Ten Star Clues
Page 25
“Well, most of it wasn’t relevant to the simple question of whether Clinton Wells did or did not commit the second murder,” Bobby answered. “Nothing either need or should be said at a trial that isn’t strictly confined to the question of guilt or innocence in the one particular instance. The fact that Clinton had also shot the old earl was implicit in the evidence, but, strictly speaking, was irrelevant to the charge on which he was being tried. A man can only be hanged once, and once that one charge was proved there was no need to open another. The evidence was as strong as evidence could well be. There was Messrs. Blacklock’s office boy to identify the dead man as haying called at the office and as having left with Clinton Wells. There was evidence that he had accompanied him home. They were seen entering the forest together. Clinton Wells was seen leaving it alone. There was Martin’s evidence that he heard shots and the evidence of the farmer he was talking to at the time. Martin’s story that he found the automatic under the Charles the Second oak is confirmed by the traces of soil on it. There are the footprints to show Clinton Wells was actually on the spot earlier, there are half a dozen other points adding up to complete certainty. Clinton Wells had grown careless. I think he had no idea how closely he was being watched or that our suspicions were already pointing very strongly to him.”

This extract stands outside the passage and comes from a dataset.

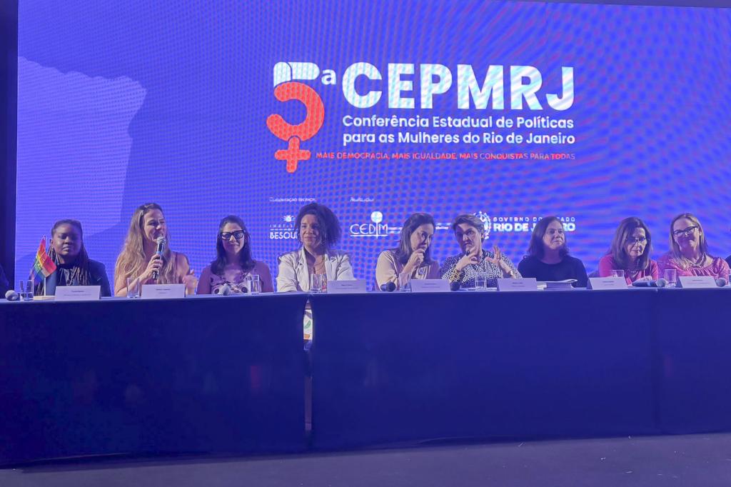 A coordenadora do Centro de Apoio Operacional das Promotorias de Justiça de Combate à Violência Doméstica e Familiar contra a Mulher (CAO Violência Doméstica e Familiar contra a Mulher/MPRJ), Isabela Jourdan, e a subcoordenadora, Eyleen Marenco, participaram nesta sexta-feira (22/08), da abertura da 5ª Conferência Estadual de Políticas para as Mulheres do Rio de Janeiro. A abertura do evento, que acontece até domingo (24/08) e debate propostas de fortalecimento às políticas públicas voltadas para as mulheres no estado teve as presenças da ministra das Mulheres, Márcia Lopes, das deputadas federais Soraia Santos e Benedita da Silva, da secretária de Estado da Mulher, Heloísa Aguiar, e das deputadas estaduais Renata Souza e Martha Rocha, além de representantes do Tribunal de Justiça do Estado do Rio de Janeiro e da Defensoria Pública.
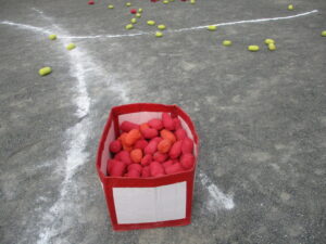 箱から赤い玉を一つ手に取り、線からカゴに投げ入れて下さい。

“I suppose it was through him that Ralph went off on that Glasgow visit that looked so suspicious?”
“Oh, yes. Ralph refused, or rather he thought he had refused, to take Clinton’s advice about not having his ‘show down’ with his great-uncle. Actually, of course, Clinton, while pretending to dissuade him, had been cunningly egging him on, just as he took every opportunity to talk to us about Ralph’s hot temper, so as to give an edge to our suspicions. But Ralph trusted him, felt he mustn’t neglect his advice a second time, and so when Clinton came along with his tale of someone staying at the Northern Lights Hotel, who could give proof of the claimant’s real identity, he went off obediently to see about it. So that no one should know, Clinton persuaded Ralph that secrecy was necessary, and that he must get off quietly without letting any one know why or where he had gone.”
“And then I suppose rang him up again to send him off to another promised meeting near the Charles the Second oak?”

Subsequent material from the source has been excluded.